Section 3. Deposits. All funds of the Corporation shall be deposited from time to time to the credit of the Corporation in such bonds, trust companies, or other depositories as the Board of Directors may select.
Section 4. Gifts. The Board of Directors may accept on behalf of the Corporation any contribution, gift, bequest, or devise for any purpose of the Corporation.
Certificate of Membership
Section 1. Certificates of Membership. The Board of Directors shall provide for the issuance of certificates evidencing membership in the corporation, which certificates shall be in such form as may be determined by the Board. Such certificates shall be signed by the President or President Elect and by a Secretary or an assistant Secretary and shall be sealed with the seal of the Corporation. All certificates evidencing membership of any class shall be consecutively numbered. The name and address of each member and the date of issuance of the certificate shall be entered on the records of the Corporation. If any certificate is lost, mutilated, or destroyed, a new certificate may be issued therefore on such terms and conditions as the Board of Directors may determine.
Section 2. Issuance of Certificates. When a member has been elected to membership and has paid an initiation fee and dues that may then be required, a Certificate of Membership shall be issued in his name and delivered to him.
Books and Records
The Corporation shall keep correct and complete books and records of accounts and shall also keep minutes of the proceedings of its members, Board of Directors, committees having and exercising any of the authority of the Board of Directors, and the Membership Committee, and shall keep at the principal office a record giving the names and addresses of the members entitled to vote. All books and records of the Corporation may be inspected by any member, or his agent or attorney, for any proper purpose at any reasonable time.

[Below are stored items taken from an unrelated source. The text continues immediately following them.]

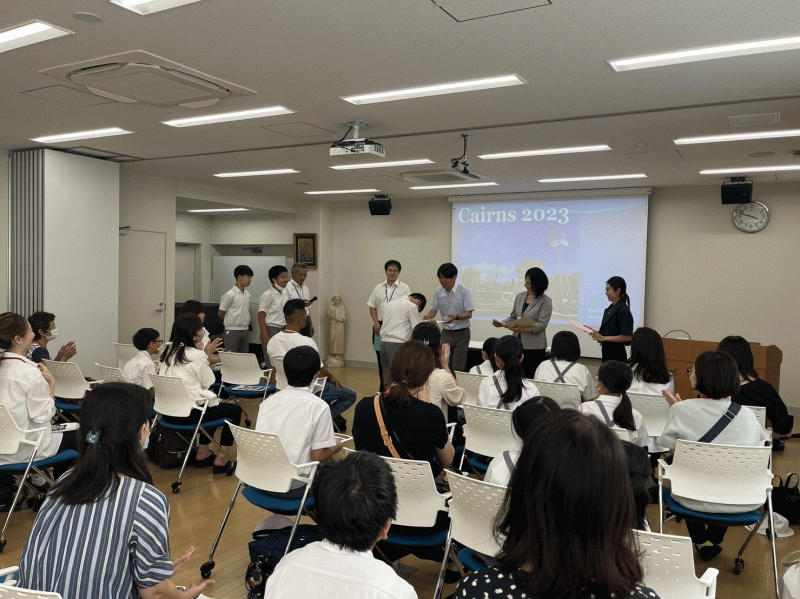全 2994 件(全599ページ) 過去のページもご覧いただけます ⇒ 前へ 101 | 102 | 103 | 104 | 105 | 次へ 2023/9/22 もうすぐ秋休み 前期も残すところあと2日です。春からの約半年で、子どもたちは心も体も大きく成長しました。 4年生 図工科 新聞紙を使って、さまざまな形を作りました。 平面から立体をつくるために、工夫を凝らしました。 4年生 図工科 新聞紙を使って、さまざまな形を作りました。 平面から立体をつくるために、工夫を凝らしました。 まだまだ子どもたちの成長に出会えそうです! まだまだ子どもたちの成長に出会えそうです! もうすぐ秋休み 2023/9/22 前期も残すところあと2日です。春からの約半年で、子どもたちは心も体も大きく成長しました。 4年生 図工科 新聞紙を使って、さまざまな形を作りました。 平面から立体をつくるために、工夫を凝らしました。 4年生 図工科 新聞紙を使って、さまざまな形を作りました。 平面から立体をつくるために、工夫を凝らしました。 まだまだ子どもたちの成長に出会えそうです! まだまだ子どもたちの成長に出会えそうです! 2023/9/21 みんなと一緒に 今日の児童の様子です。 2年生 生活科 大根の種を植えました。 大きくて美味しい大根を収穫できますように! 2年生 生活科 大根の種を植えました。 大きくて美味しい大根を収穫できますように! 6年生 総合 10月の「長崎平和と祈りの旅」に向けて、学年集会を男女別に行いました。 旅先で、さまざまなことや人へ心を向けることができますように。 6年生 総合 10月の「長崎平和と祈りの旅」に向けて、学年集会を男女別に行いました。 旅先で、さまざまなことや人へ心を向けることができますように。 1年生 図画工作科 さあ、何を制作しているでしょう? 1年生 図画工作科 さあ、何を制作しているでしょう? 「すきまちゃん」のお家を作っています。 さまざまな材料を用いて、素敵なお家が完成したようです。 「すきまちゃん」のお家を作っています。 さまざまな材料を用いて、素敵なお家が完成したようです。 今日も一日みんなで仲良く過ごせました! 今日も一日みんなで仲良く過ごせました! おまけ 6年生 家庭科 身の回りのものを手洗いしました。 おまけ 6年生 家庭科 身の回りのものを手洗いしました。 みんなと一緒に 2023/9/21 今日の児童の様子です。 2年生 生活科 大根の種を植えました。 大きくて美味しい大根を収穫できますように! 2年生 生活科 大根の種を植えました。 大きくて美味しい大根を収穫できますように! 6年生 総合 10月の「長崎平和と祈りの旅」に向けて、学年集会を男女別に行いました。 旅先で、さまざまなことや人へ心を向けることができますように。 6年生 総合 10月の「長崎平和と祈りの旅」に向けて、学年集会を男女別に行いました。 旅先で、さまざまなことや人へ心を向けることができますように。 1年生 図画工作科 さあ、何を制作しているでしょう? 1年生 図画工作科 さあ、何を制作しているでしょう? 「すきまちゃん」のお家を作っています。 さまざまな材料を用いて、素敵なお家が完成したようです。 「すきまちゃん」のお家を作っています。 さまざまな材料を用いて、素敵なお家が完成したようです。 今日も一日みんなで仲良く過ごせました! 今日も一日みんなで仲良く過ごせました! おまけ 6年生 家庭科 身の回りのものを手洗いしました。 おまけ 6年生 家庭科 身の回りのものを手洗いしました。 2023/9/20 ケアンズホームステイ報告会 先日、夏休みにあったケアンズホームステイの報告会を行いました。 参加した子どもたちだけでなく、保護者にもお越しいただきました。 写真を見ながら、ホームステイの振り返りを行ったり、代表者が作文を読んだりしました。 先日、夏休みにあったケアンズホームステイの報告会を行いました。 参加した子どもたちだけでなく、保護者にもお越しいただきました。 写真を見ながら、ホームステイの振り返りを行ったり、代表者が作文を読んだりしました。 最後にサプライズで、子どもたちから教員へ寄せ書きのプレゼントがありました。 子どもたち、教員にとって忘れられない思い出と経験になりました。 最後にサプライズで、子どもたちから教員へ寄せ書きのプレゼントがありました。 子どもたち、教員にとって忘れられない思い出と経験になりました。 ケアンズホームステイ報告会 2023/9/20 先日、夏休みにあったケアンズホームステイの報告会を行いました。 参加した子どもたちだけでなく、保護者にもお越しいただきました。 写真を見ながら、ホームステイの振り返りを行ったり、代表者が作文を読んだりしました。 先日、夏休みにあったケアンズホームステイの報告会を行いました。 参加した子どもたちだけでなく、保護者にもお越しいただきました。 写真を見ながら、ホームステイの振り返りを行ったり、代表者が作文を読んだりしました。 最後にサプライズで、子どもたちから教員へ寄せ書きのプレゼントがありました。 子どもた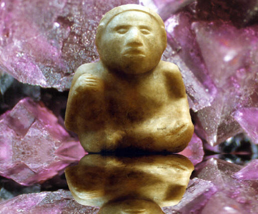 The Anna figure is reported to have been discovered by Thomas M. Perrine while excavating a mound in Union County, Illinois in 1873. Thomas Wilson reports in 1896, "Prehistoric Art," under a drawing of the Anna figure, which he claims to be "a specimen of the same type" from Union County, that it's made of clay. But in fact the drawing must have been copied from the Smithsonian's cast of the Anna figure. No other figure of this type and size is known from Union County, Illinois. Also, Mr. T. M. Perrine reported that the figure he discovered was made of white porphyry. The Anna figure material was finally correctly identified as fluorspar or fluorite by Wilson in 1898. The Anna figure was in fact made from a large "yellowish" semi-translucent fluorite crystal. |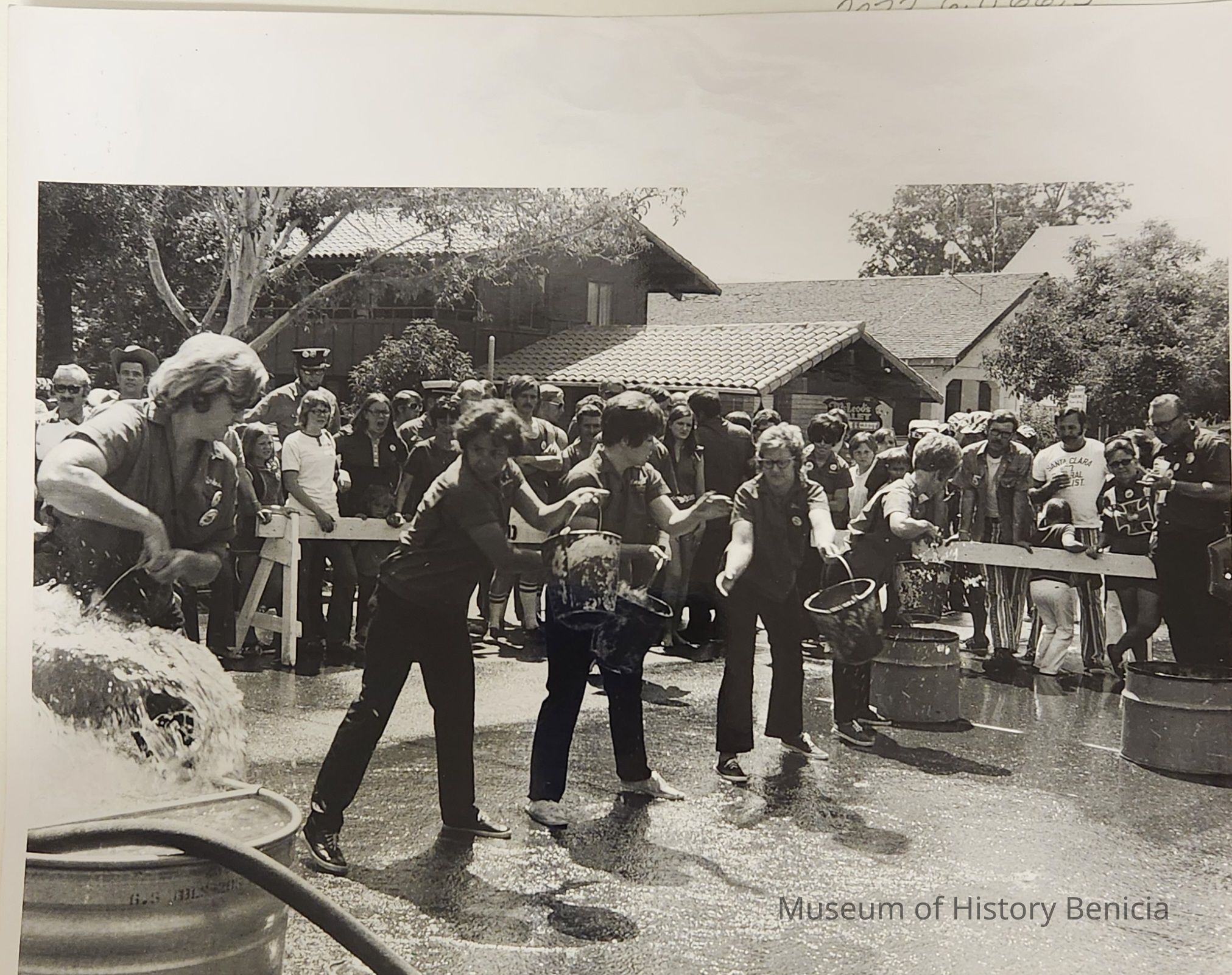 B/W Photograph of the Benicia Ladies' Bucket Brigade in action at the Pleasanton Muster in 1972.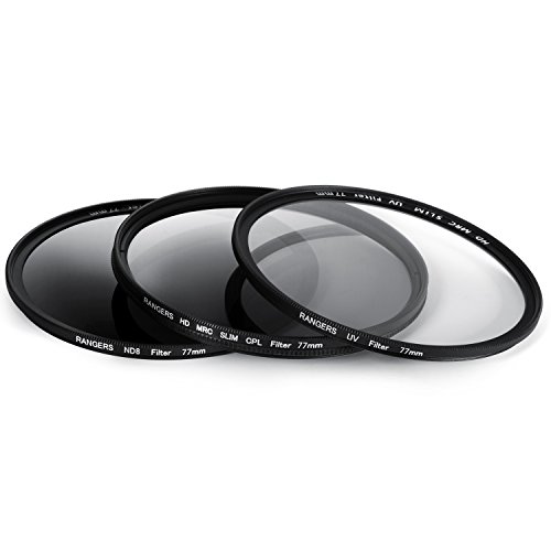 Ranagers Professional 77mm Camera Filter Accessory Kit 77mm Filter Kit: UV Filter + CPL Polarizer Filtri + Neutral Density ND8 Filtro + Camera Filter Bag caso + Lens Cleaning Pen Per CANON 24-105MM, 10-22MM, 17-40MM and NIKON 28-300, 18-300 DSLR Zoom Lenses RA030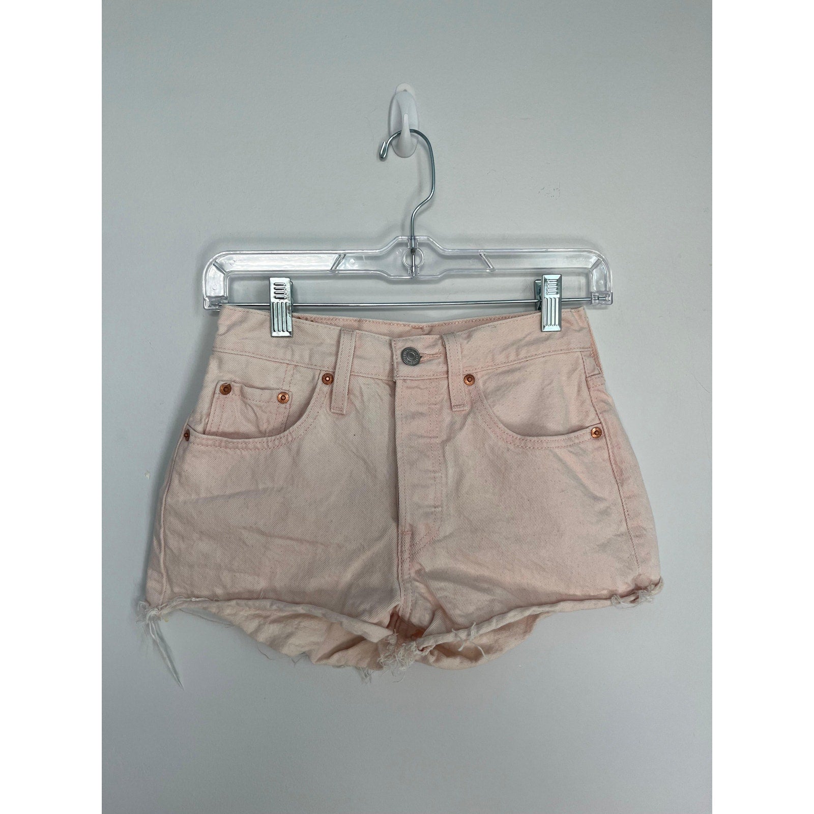 Levis 501 Premium Shorts Women W24 Pink High Rise Cutoff Denim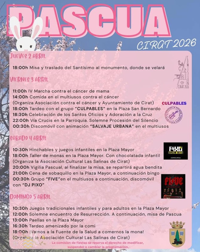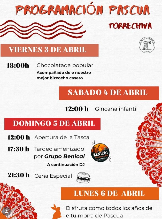 Programación Pascua 2026 - Torrechiva Viernes 3 de abril 18:00 - Chocolatada popular con bizcocho casero Sábado 4 de abril […]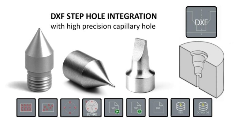 Die Basic SARIX-Software mit DXF-Step-Dateiintegrationsfunktion interpretiert automatisch die importierte Geometrie und generiert den entsprechenden Elektrodenpfad. Dadurch wird sichergestellt, dass das Bohren genau auf den definierten Durchmessergrößen ausgeführt wird, während die Knotenausrichtung zwischen den Durchmessern perfekt beibehalten wird.

The fiscal year of the Corporation shall begin on the first day of January of each year and end at midnight on the thirty-first day of December of the same year.
Section 1. Annual Dues. The Board of Directors shall determine from time to time the amount of initiation fee, if any, and annual dues payable to the Corporation by members of each class, and shall give appropriate notice to the members.
Section 2. Payment of Dues. Dues shall be payable in the month of each year in which a statement is received by each member.
Section 3. Default and Termination of Membership. When any member of any class is in default in the payment of dues for a period of one month from the beginning of the period for which such dues become payable, his membership may thereupon be terminated by the Board of Directors as provided hereinabove.
The Board of Directors shall provide a corporate seal, which shall be circular in form and shall have inscribed thereon the name of the Corporation and the state of incorporation and the words "Corporate Seal".
Waiver of Notice
Whenever any notice is required to be given under the provisions of the Articles of Incorporation or the Bylaws of the Corporation, a waiver thereof in writing signed by the person or persons entitled to such notice, whether before or after the time stated therein shall be deemed equivalent to the giving of such notice.
Amendment of Bylaws
The Bylaws may be altered, amended, or repealed, and new Bylaws may be suggested by a majority of the Board of Directors present at any regular or special meeting. At least thirty (30) days written notice of these changes must be given to the membership. Approval must be by a simple majority of those voting at the time of the annual business meeting of the Society or by mail.